Maddi, despite her lapse of judgment, as her father kindly put it, bears no kinship with the woman brought to Jesus, except that she, like Principal Hobb and all the rest of us, is not without sin. But we hope that Principal Hobb and the elders of Heritage Academy can find the mercy and compassion in their hearts to enable Maddi to receive what she has earned though diligence, application and hard work.

The principal learned of Maddi’s predicament when her father told him of it. Maddi could have resolved such a dilemma with an abortion, as many women have done.
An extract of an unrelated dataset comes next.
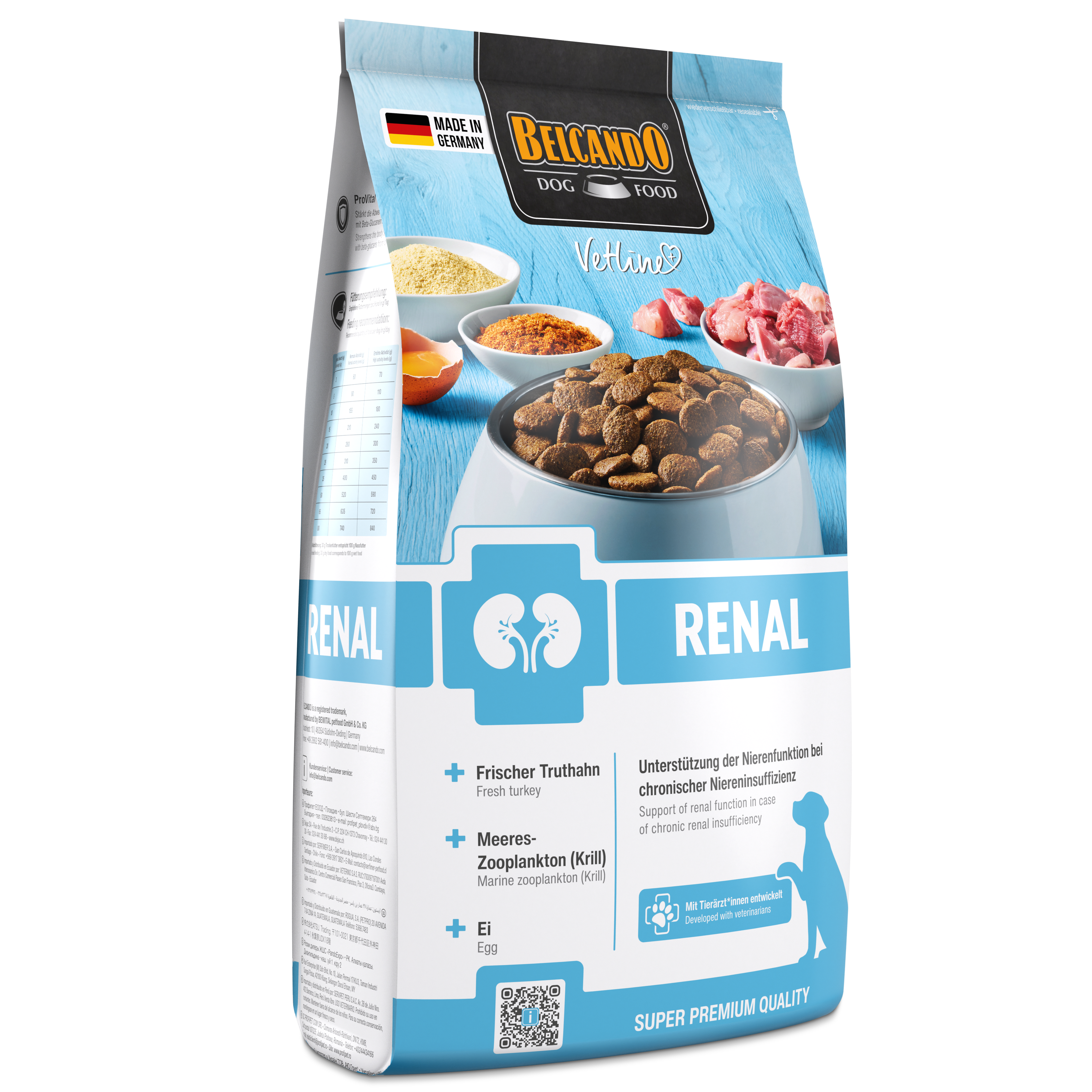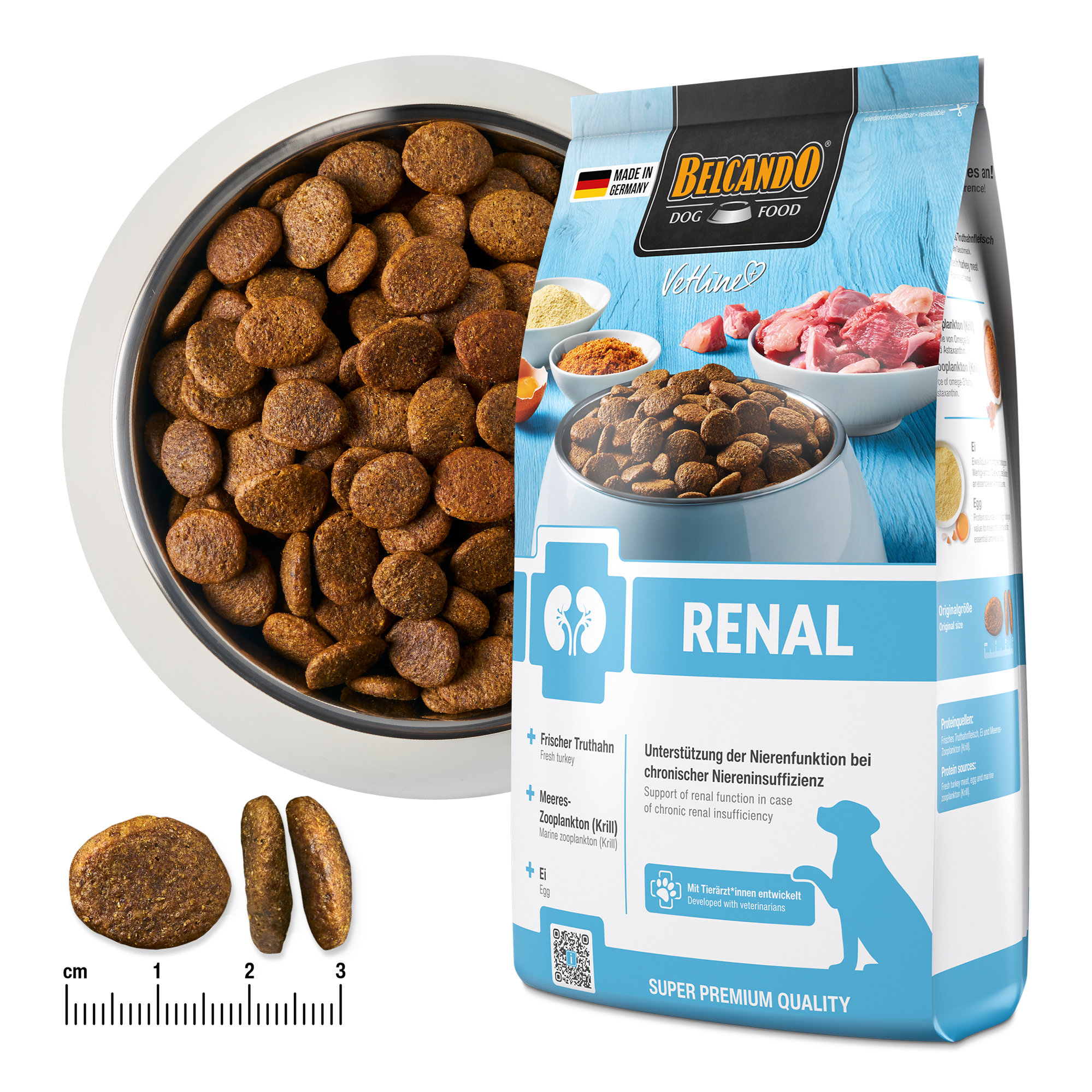 BELCANDO Vetline Renal – schmeckt gut, tut gut! Für wen ist Vetline Renal geeignet? Für Hunde, die die Diagnose „Niereninsuffizienz“ (akut/chronisch) erhalten haben und für die der Tierarzt die Umstellung auf ein entsprechendes Diätfutter empfiehlt. Im Laufe eines Hundelebens können verschiedene gesundheitliche Herausforderungen auftreten. Zu den häufigsten dieser Beschwerden gehört die Diagnose „Niereninsuffizienz“ – ein Problem, das sich durch die gezielte Verwendung von Spezialfutter wie Vetline Renal abmildern lässt. Was die BELCANDO Vetline von anderen Diät-Alleinfuttermittel unterscheidet? Die Verwendung garantiert bester Zutaten mit Fokus auf Frische und Ausgewogenheit für den besten Geschmack! Dazu gehören wertvolle Superfoods wie Krill, Ei und frisches Truthahnfleisch. Zudem bietet die Vetline die Wahl: Nassfutter, Trockenfutter – oder beides zusammen? Beide Futterarten sind optimal auf die Bedürfnisse nierenkranker Hunde abgestimmt. Damit die Umstellung möglichst reibungslos funktioniert, solltest Du Deine gewohnten Abläufe beibehalten. Wähle daher die Futterart, die Dein Hund schon vorher gewohnt war. Wenn Dein Hund Trocken- und Nassfutter gemischt am liebsten mag, kannst Du dies auch mit Vetline Renal Nass- und Trockenfutter fortführen.

Surely this should weigh in the calculations of those who sit in judgment at Heritage Academy.

“The decision to choose life is not always easy,” the national pro-life advocacy group Susan B. Anthony List says in support of Maddi. Such a choice is “certainly not always popular with a culture that promotes convenience over personal responsibility. Maddi made a personal choice to love and protect her unborn son, and she deserves compassion and support, especially from fellow Christians.”

To that we offer a secular heartfelt amen. Maddi will get her diploma, but will be denied the honor she earned, to walk in the procession with her 14 senior classmates at Heritage Academy. We urge Principal Hobbs, who no doubt wants to do the Christian thing, to give Maddi her due.